→ **EXTRACTED MATERIAL**:
━━━━━━━━━━━━━━━━

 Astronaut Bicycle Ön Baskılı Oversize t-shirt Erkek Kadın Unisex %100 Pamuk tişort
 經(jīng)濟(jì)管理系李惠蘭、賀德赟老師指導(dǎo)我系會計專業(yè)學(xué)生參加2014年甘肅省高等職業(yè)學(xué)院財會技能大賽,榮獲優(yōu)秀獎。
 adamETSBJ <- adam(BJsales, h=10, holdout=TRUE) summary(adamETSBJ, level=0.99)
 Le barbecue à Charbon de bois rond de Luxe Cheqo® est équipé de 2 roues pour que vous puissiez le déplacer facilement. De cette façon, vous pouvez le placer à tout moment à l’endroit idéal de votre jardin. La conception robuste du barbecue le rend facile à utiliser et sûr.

━━━━━━━━━━━━━━━━

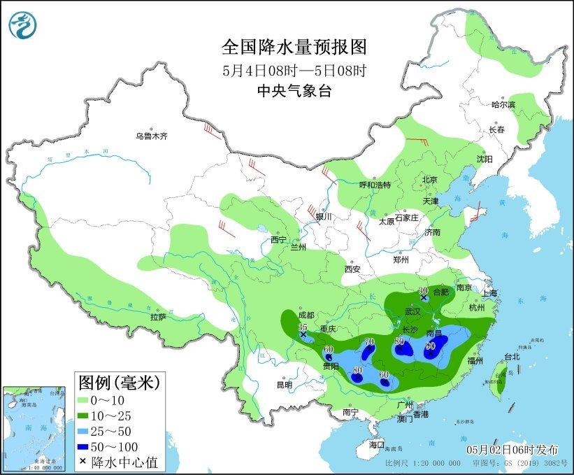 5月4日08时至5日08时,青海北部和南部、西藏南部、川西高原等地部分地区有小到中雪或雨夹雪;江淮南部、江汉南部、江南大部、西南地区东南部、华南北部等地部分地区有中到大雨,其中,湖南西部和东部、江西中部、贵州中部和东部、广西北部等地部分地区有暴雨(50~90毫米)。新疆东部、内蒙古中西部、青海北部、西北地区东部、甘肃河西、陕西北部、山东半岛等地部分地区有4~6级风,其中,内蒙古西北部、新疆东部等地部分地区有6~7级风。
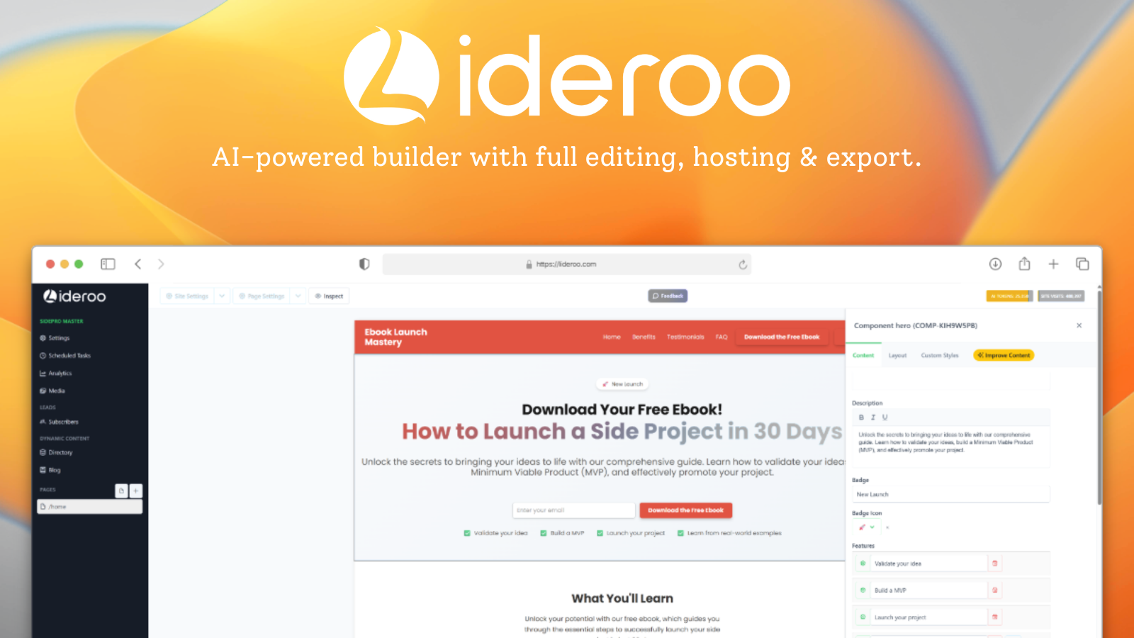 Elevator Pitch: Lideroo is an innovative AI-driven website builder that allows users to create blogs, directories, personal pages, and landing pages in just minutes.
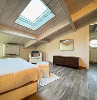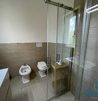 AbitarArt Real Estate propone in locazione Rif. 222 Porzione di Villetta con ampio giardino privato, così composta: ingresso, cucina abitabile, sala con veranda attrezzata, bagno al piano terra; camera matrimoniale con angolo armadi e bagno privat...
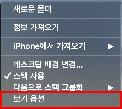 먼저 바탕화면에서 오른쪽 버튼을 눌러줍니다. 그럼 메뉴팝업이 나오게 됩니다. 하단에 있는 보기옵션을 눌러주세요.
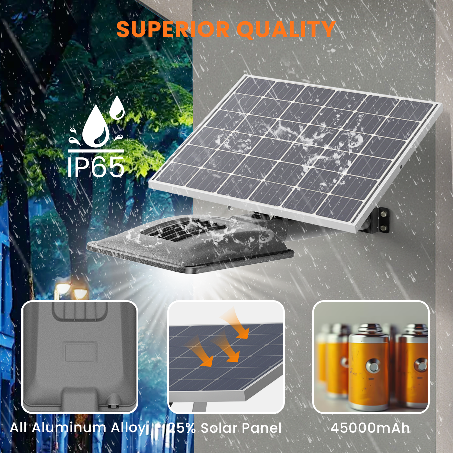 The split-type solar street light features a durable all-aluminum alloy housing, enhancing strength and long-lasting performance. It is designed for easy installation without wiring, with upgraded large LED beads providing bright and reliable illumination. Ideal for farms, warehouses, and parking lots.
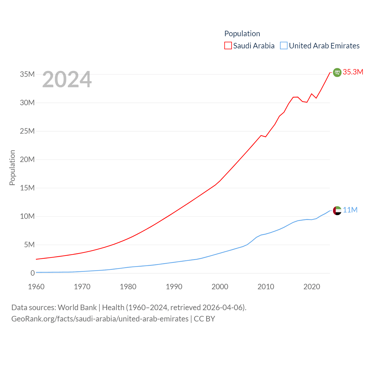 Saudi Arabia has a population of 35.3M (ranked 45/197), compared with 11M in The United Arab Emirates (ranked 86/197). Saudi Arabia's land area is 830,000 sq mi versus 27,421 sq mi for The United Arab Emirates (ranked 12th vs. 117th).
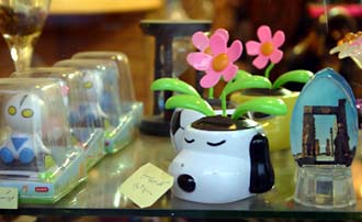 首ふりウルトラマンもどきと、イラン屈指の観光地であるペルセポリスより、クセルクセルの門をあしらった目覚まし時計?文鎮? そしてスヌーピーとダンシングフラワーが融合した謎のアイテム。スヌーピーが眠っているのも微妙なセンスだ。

━━━━━━━━━━━━━━━━

→ **WORK ITEM**: The lines to extract from the data above begin with the line containing "Astronaut Bicycle Ön" and end with the line containing "Le barbecue à". Extract them exactly, including both.

→ **YOUR SOLUTION**:
 Astronaut Bicycle Ön Baskılı Oversize t-shirt Erkek Kadın Unisex %100 Pamuk tişort
 經(jīng)濟(jì)管理系李惠蘭、賀德赟老師指導(dǎo)我系會計專業(yè)學(xué)生參加2014年甘肅省高等職業(yè)學(xué)院財會技能大賽,榮獲優(yōu)秀獎。
 adamETSBJ <- adam(BJsales, h=10, holdout=TRUE) summary(adamETSBJ, level=0.99)
 Le barbecue à Charbon de bois rond de Luxe Cheqo® est équipé de 2 roues pour que vous puissiez le déplacer facilement. De cette façon, vous pouvez le placer à tout moment à l’endroit idéal de votre jardin. La conception robuste du barbecue le rend facile à utiliser et sûr.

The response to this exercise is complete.